- DATA

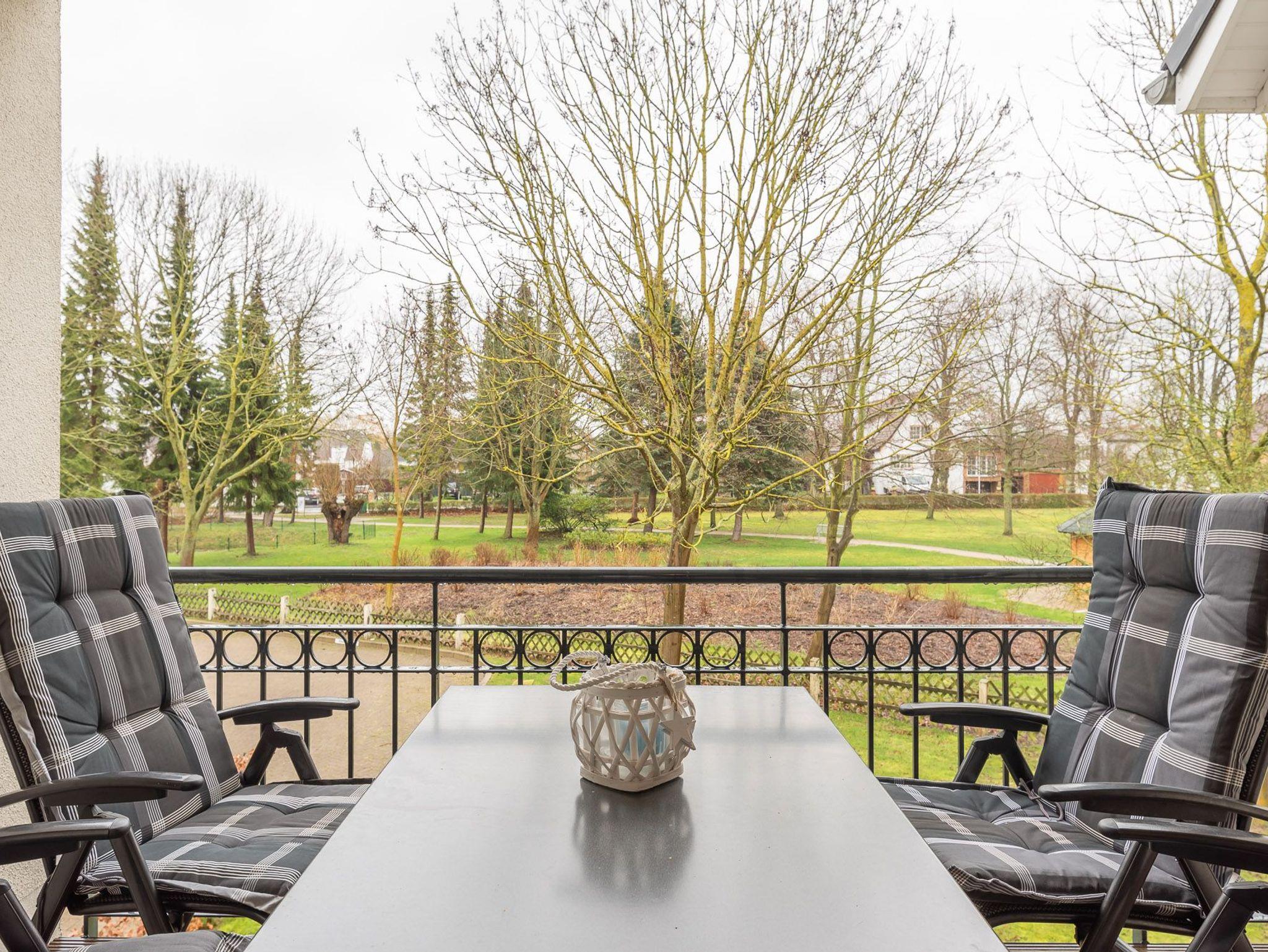 Gemütliche Stunden können Sie auf den mit einem Tisch und vier Relaxstühlen möblierten Balkon, den Sie sowohl vom Schlafzimmer als auch vom Wohnzimmer aus betreten können, verbringen.
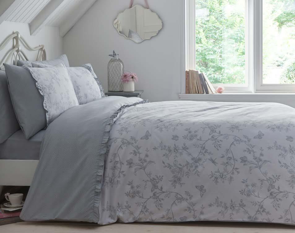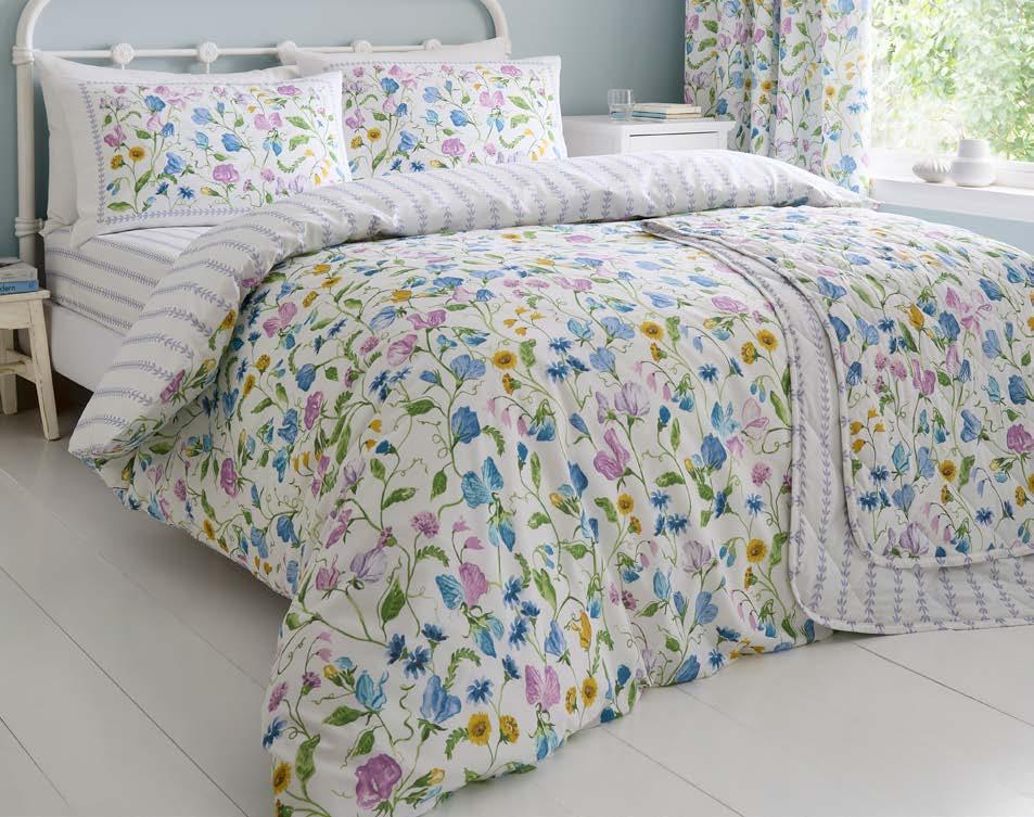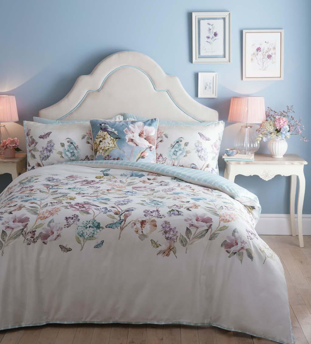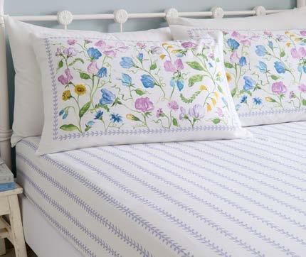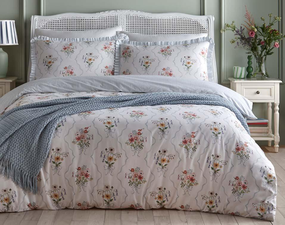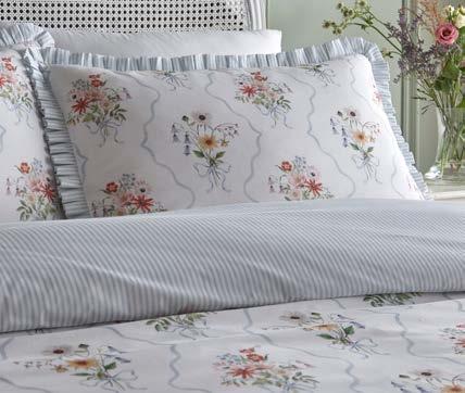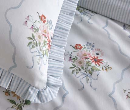 Experience timeless elegance with our 100% cotton Floral Bouquet bedding, featuring delicate hand-painted floral posies framed by a powder blue trellis against ivory. Reversing to classic blue pinstripes, it’s finished with ruffled pillowcases, this set brings elegant British charm straight to your bedroom.
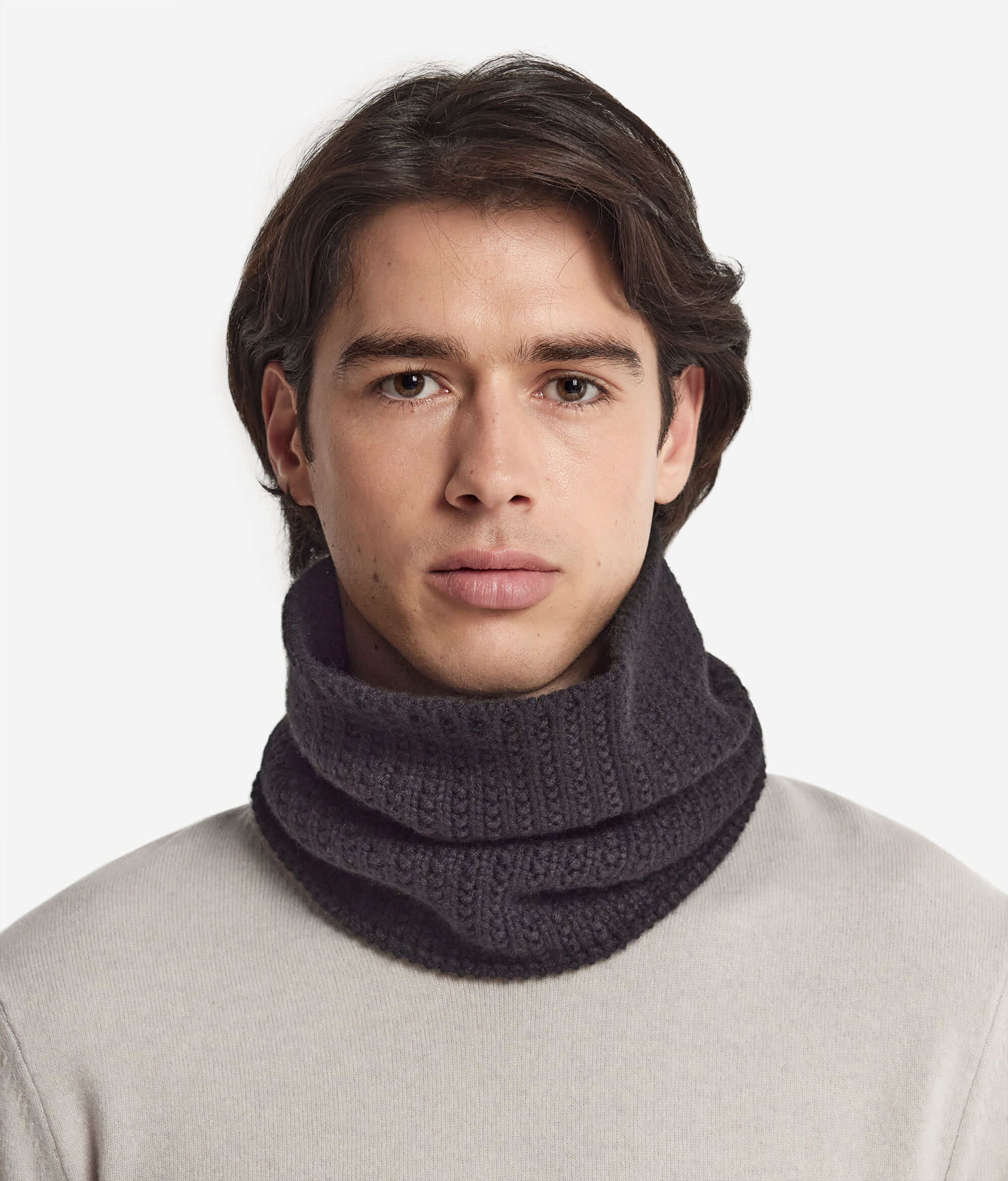 Realizzato in pregiato cashmere questo scaldacollo si caratterizza per la sua linea semplice ed essenziale. La morbida texture è resa unica da una fantasia a coste, che lo rende un accessorio passe-partout per dare al look un tocco di raffinata eleganza.

- WORK ORDER
Now write out the data word for word, skipping every picture in it.

- RESPONSE TO THIS EXERCISE
 Gemütliche Stunden können Sie auf den mit einem Tisch und vier Relaxstühlen möblierten Balkon, den Sie sowohl vom Schlafzimmer als auch vom Wohnzimmer aus betreten können, verbringen.
 Experience timeless elegance with our 100% cotton Floral Bouquet bedding, featuring delicate hand-painted floral posies framed by a powder blue trellis against ivory. Reversing to classic blue pinstripes, it’s finished with ruffled pillowcases, this set brings elegant British charm straight to your bedroom.
 Realizzato in pregiato cashmere questo scaldacollo si caratterizza per la sua linea semplice ed essenziale. La morbida texture è resa unica da una fantasia a coste, che lo rende un accessorio passe-partout per dare al look un tocco di raffinata eleganza.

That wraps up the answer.